October 19, 2018

Harvard Holds Conference on Digital Disease Detection

On February 16, 2012, Harvard Medical School held an International Conference on Digital Disease Detection. The conference discussed ways that the internet can aid in disease surveillance: the science of epidemiology.

Petri DishEpidemiology is the study of the pattern and distribution of health events and disease outbreaks. In the original Greek, it means “the study of what is upon people”, even though it’s also used to study animal populations.

How Will Social Media be Used?

That discipline is one tool doctors and scientists use to establish foodborne illness outbreaks. Before the internet age, epidemiology was labor-intensive and slow moving, using surveillance, data, and statistics to discover cause-and-affect relationships. Now the power of the internet can be used to track epidemics in real time. This conference put social media in the spotlight, advocating internet use to help pinpoint and track disease outbreaks.

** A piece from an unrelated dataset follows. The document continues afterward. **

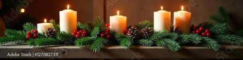 Pine branch arrangement with candles, pinecones and berries on a wooden mantle, holiday, wood, candle

Fred Pritzker, an attorney who specializes in foodborne illness cases who attended the conference, said, “Anything that allows for easier and faster detection of foodborne illness outbreaks is a valuable tool. Even a few days advance notice could make the difference between life and death.”

Scientists are using Twitter, Facebook, and Google News to uncover foodborne illness outbreaks. Food Poisoning Bulletin has told you about using Twitter as a epidemiologic tool. And phone apps may be another tool in the dissemination of information.

Twitter was used during the January 14, 2012 norovirus outbreak at the Canadian University Press National Conference. More than 60 people were sickened in a few hours. Students used Twitter to report illnesses and help those who were sick, telling them where to get help.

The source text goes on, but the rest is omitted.